== Problem description ==
Write all of the entries out again exactly, but not the images.

== Excerpts from a dataset ==
•••••

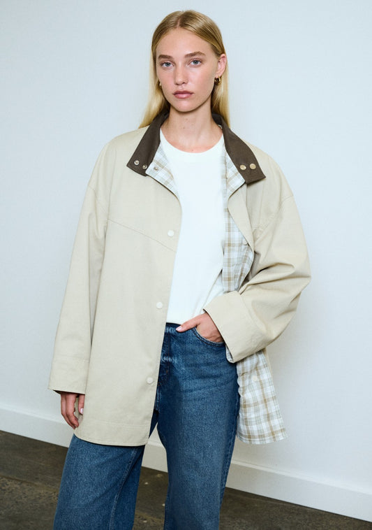 Ceres Riley Funnel Neck Tab Cardi - oat marle
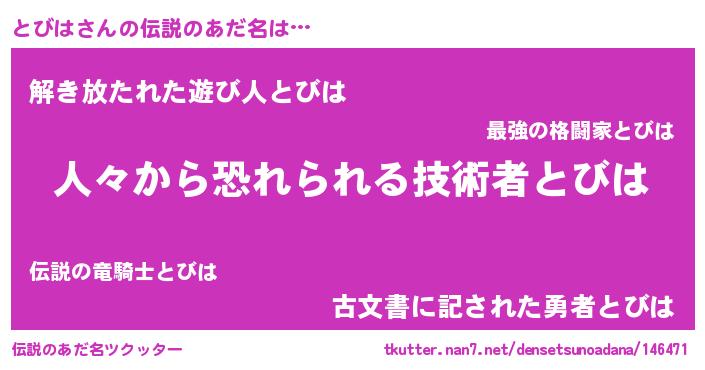 | 意味不明あだ名 | 『住所不定無職とびは(4歳)』 |
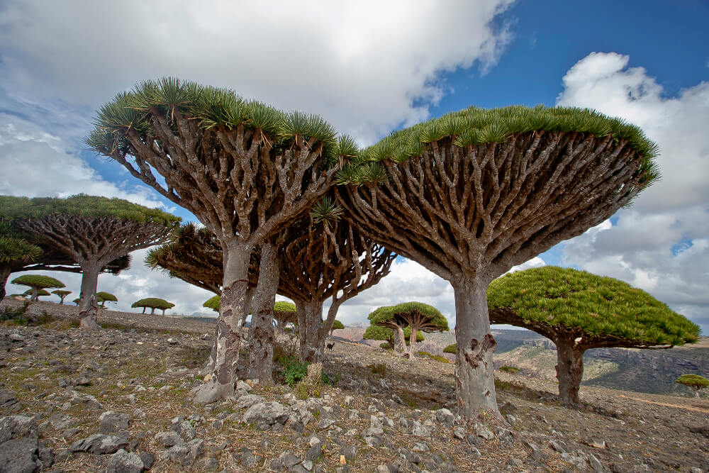 Socotra Island in Yemen is located between the Guardafui Channel and the Arabian Sea. Described as “the most alien-looking place on Earth,” the isolated island’s sovereignty has been disputed by both Yemen and Somalia. The landscape features dragon’s blood trees that resemble flying saucers on top of trunks.
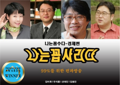 공동 수상으로 〈나는 꼽사리다〉를 선정했다. 작년 수상한 〈나는 꼼수다〉가 이명박을 중심으로 한 정치권과 기득권 세력에 대한 비판적인 이야기를 많이 하느라 필연적으로 정치색과 이념색이 짙어지고 찬반양론을 낳는 부분도 있었으나 나는 꼽사리다의 경우는 비판을 하면서도 좀 더 대안적이고 미래 지향적인 이야기가 많은 데다가 들으면서 반감이나 거부감이 거의 들지 않을 정도로 내가 평소에 품은 사회, 경제, 문화에 대한 생각이나 방향성이 많이 일치한다. 2013년부터 들어서는 새로운 정부가 나는 꼽사리다가 꿈꾸고 목표했던 나라를 만들어줄 가능성이 무척이나 낮다는 점이 큰 아쉬움으로 남지만 스스로 말했듯 세상이 밝아질 때까지는 없어지지 않기를 바랄 뿐이다.
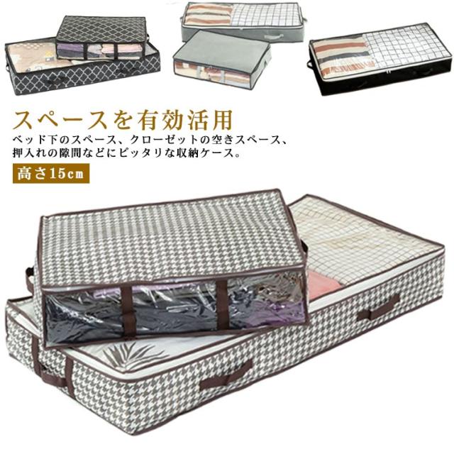 収納ボックス フタ付き 布 おしゃれ 折りたたみ 大容量 衣類収納 収納ケース 押し入れ収納 衣類収納 布団収納 ストレージボックス ベッド下 ソファー下 省スペース 引越し 透明窓付 持ち手付 隙間 収納 整理整頓 高さ15cm 送料無料
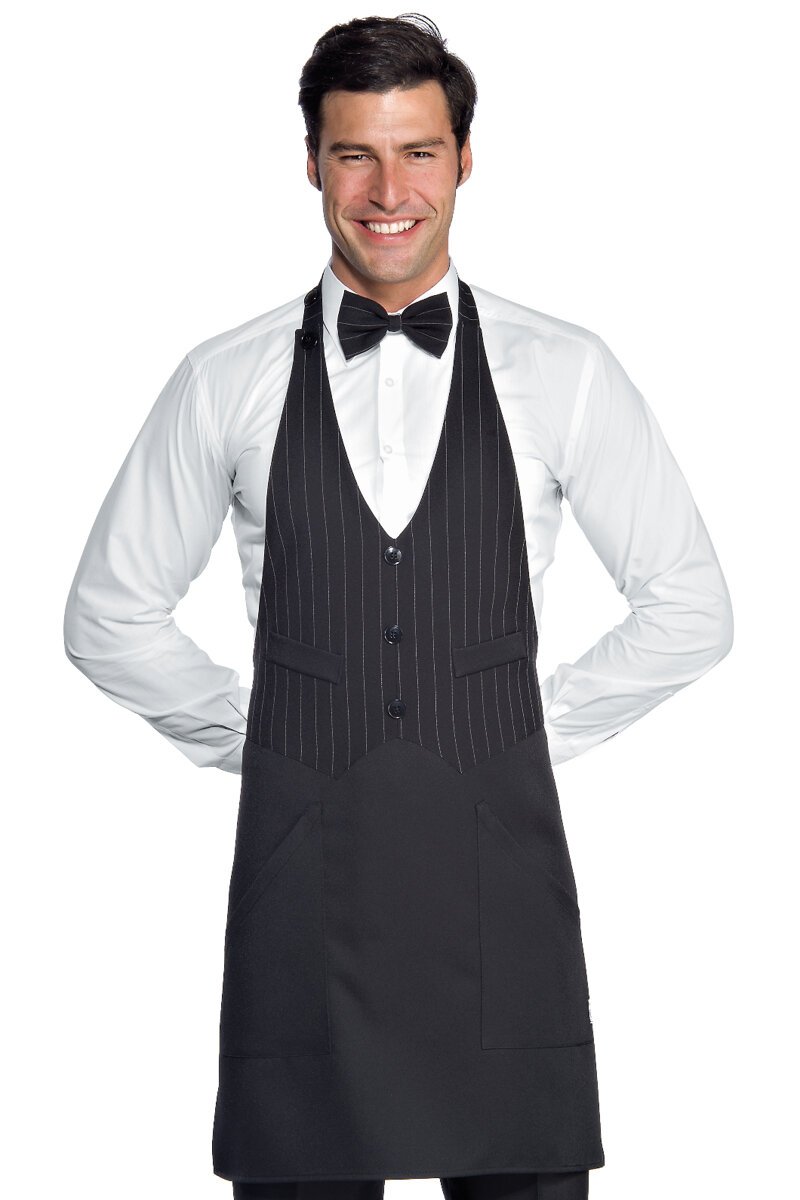 GREMBIULE SERVIZIO, DOPPIA TASCA IN VITA, DETTAGLIO ABBOTTONATURA CENTRALE
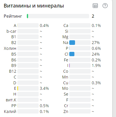 Мой Здоровый Рацион нашёл следы витаминов А, Е, РР, из минералов  натрий  с  хлором, Из жирных кислот в солёном сале почему то  МЗР показывает только две.НЖК и ПНЖК  в 30 гр. солёного сала :
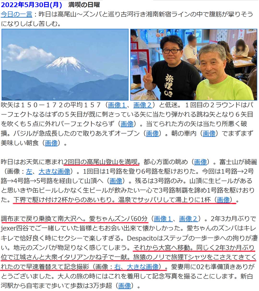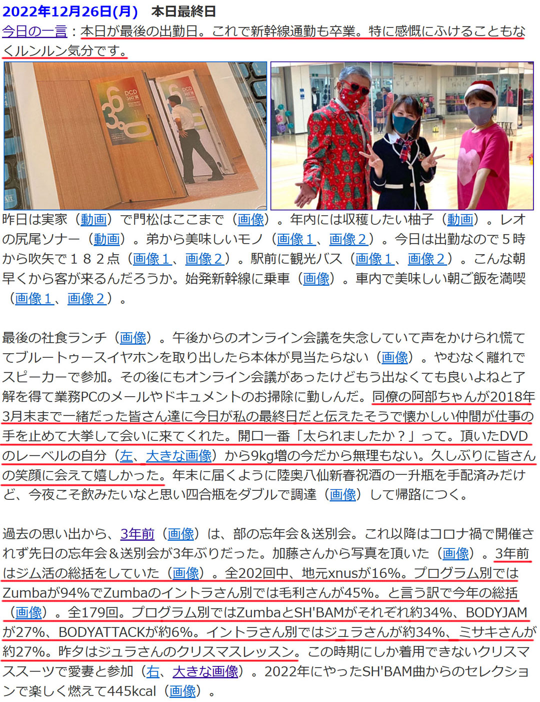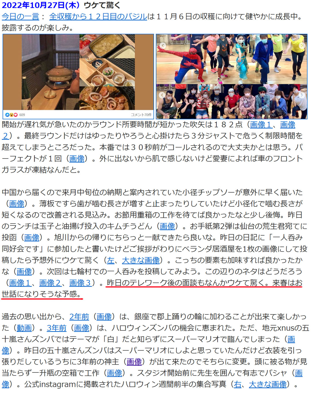 過去の思い出から、3年前(右、大きい画像)は、再雇用4年間の出社最終日。3年のはずが乞われるまま1年延長したものの、テレワーク主体の日々に、もう十分かなと感じていたので、未練や思い残すことはありませんでした。そんな中、同僚の阿部ちゃんの計らいで、かつての部署の皆さんが会いに来てくれて、最後に温かい思い出となりました。当時は「蛇足の1年」という気がしていましたが、今振り返れば、その1年があったからこそ、現在の仕事の求人タイミングと巡り合い、その情報に気づくことができたのです。メール履歴を紐解くと、10月26日に面談へ伺っていたようです。詳しくは書かれていませんが、翌日の日記(画像)の赤線部がまさにそれ。「来春はお世話になりそうな予感」が的中したわけですね。また、ジュラさんのシバムが最高に楽しかった頃でしたね。まさか無くなるとは思いませんでした。
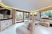 -Salon z kominkiem i aneksem kuchennym z dużymi oknami antywłamaniowymi wychodzącymi na zieleń ogrodu
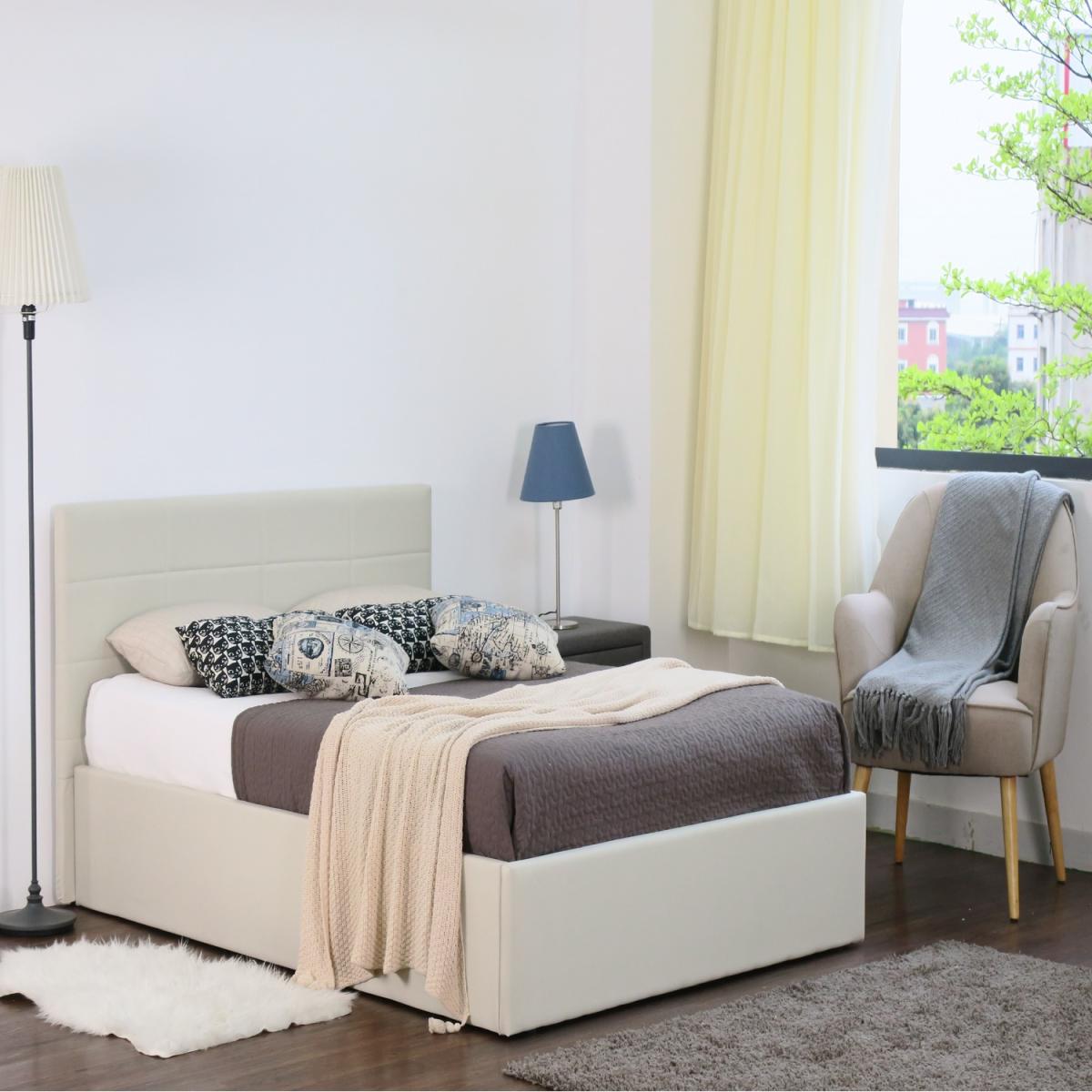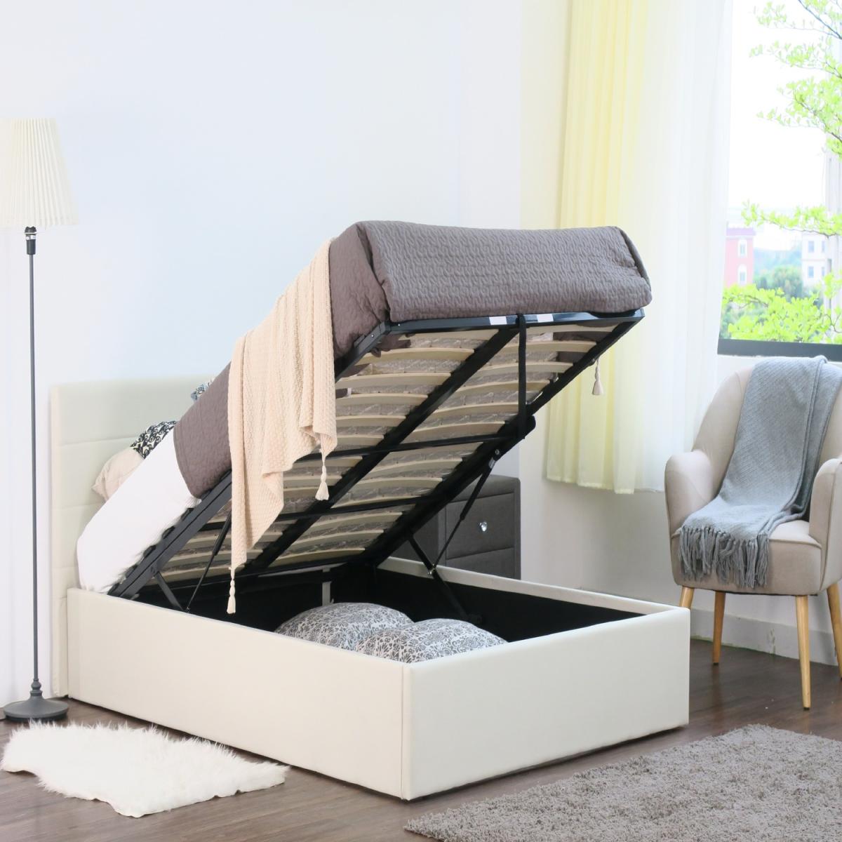 These stylish and modern linen upholstered Ottoman's add a modern presence to any bedroom. They feature a stylish square block upholstered headboard and with padded side rails and footboard. The headboard features colour coordinated modern buttoning detail. Available to purchase in Cream this fabric ottoman will suit any modern interior. The great aspect of these bed frames is they feature a gas lift mechanism, that lifts the mattress easily to reveal ample space for storage under the bed. The mattress is supported on a solid beech slats framework.

•••••

== Task answer ==
 Ceres Riley Funnel Neck Tab Cardi - oat marle
 | 意味不明あだ名 | 『住所不定無職とびは(4歳)』 |
 Socotra Island in Yemen is located between the Guardafui Channel and the Arabian Sea. Described as “the most alien-looking place on Earth,” the isolated island’s sovereignty has been disputed by both Yemen and Somalia. The landscape features dragon’s blood trees that resemble flying saucers on top of trunks.
 공동 수상으로 〈나는 꼽사리다〉를 선정했다. 작년 수상한 〈나는 꼼수다〉가 이명박을 중심으로 한 정치권과 기득권 세력에 대한 비판적인 이야기를 많이 하느라 필연적으로 정치색과 이념색이 짙어지고 찬반양론을 낳는 부분도 있었으나 나는 꼽사리다의 경우는 비판을 하면서도 좀 더 대안적이고 미래 지향적인 이야기가 많은 데다가 들으면서 반감이나 거부감이 거의 들지 않을 정도로 내가 평소에 품은 사회, 경제, 문화에 대한 생각이나 방향성이 많이 일치한다. 2013년부터 들어서는 새로운 정부가 나는 꼽사리다가 꿈꾸고 목표했던 나라를 만들어줄 가능성이 무척이나 낮다는 점이 큰 아쉬움으로 남지만 스스로 말했듯 세상이 밝아질 때까지는 없어지지 않기를 바랄 뿐이다.
 収納ボックス フタ付き 布 おしゃれ 折りたたみ 大容量 衣類収納 収納ケース 押し入れ収納 衣類収納 布団収納 ストレージボックス ベッド下 ソファー下 省スペース 引越し 透明窓付 持ち手付 隙間 収納 整理整頓 高さ15cm 送料無料
 GREMBIULE SERVIZIO, DOPPIA TASCA IN VITA, DETTAGLIO ABBOTTONATURA CENTRALE
 Мой Здоровый Рацион нашёл следы витаминов А, Е, РР, из минералов  натрий  с  хлором, Из жирных кислот в солёном сале почему то  МЗР показывает только две.НЖК и ПНЖК  в 30 гр. солёного сала :
 過去の思い出から、3年前(右、大きい画像)は、再雇用4年間の出社最終日。3年のはずが乞われるまま1年延長したものの、テレワーク主体の日々に、もう十分かなと感じていたので、未練や思い残すことはありませんでした。そんな中、同僚の阿部ちゃんの計らいで、かつての部署の皆さんが会いに来てくれて、最後に温かい思い出となりました。当時は「蛇足の1年」という気がしていましたが、今振り返れば、その1年があったからこそ、現在の仕事の求人タイミングと巡り合い、その情報に気づくことができたのです。メール履歴を紐解くと、10月26日に面談へ伺っていたようです。詳しくは書かれていませんが、翌日の日記(画像)の赤線部がまさにそれ。「来春はお世話になりそうな予感」が的中したわけですね。また、ジュラさんのシバムが最高に楽しかった頃でしたね。まさか無くなるとは思いませんでした。
 -Salon z kominkiem i aneksem kuchennym z dużymi oknami antywłamaniowymi wychodzącymi na zieleń ogrodu
 These stylish and modern linen upholstered Ottoman's add a modern presence to any bedroom. They feature a stylish square block upholstered headboard and with padded side rails and footboard. The headboard features colour coordinated modern buttoning detail. Available to purchase in Cream this fabric ottoman will suit any modern interior. The great aspect of these bed frames is they feature a gas lift mechanism, that lifts the mattress easily to reveal ample space for storage under the bed. The mattress is supported on a solid beech slats framework.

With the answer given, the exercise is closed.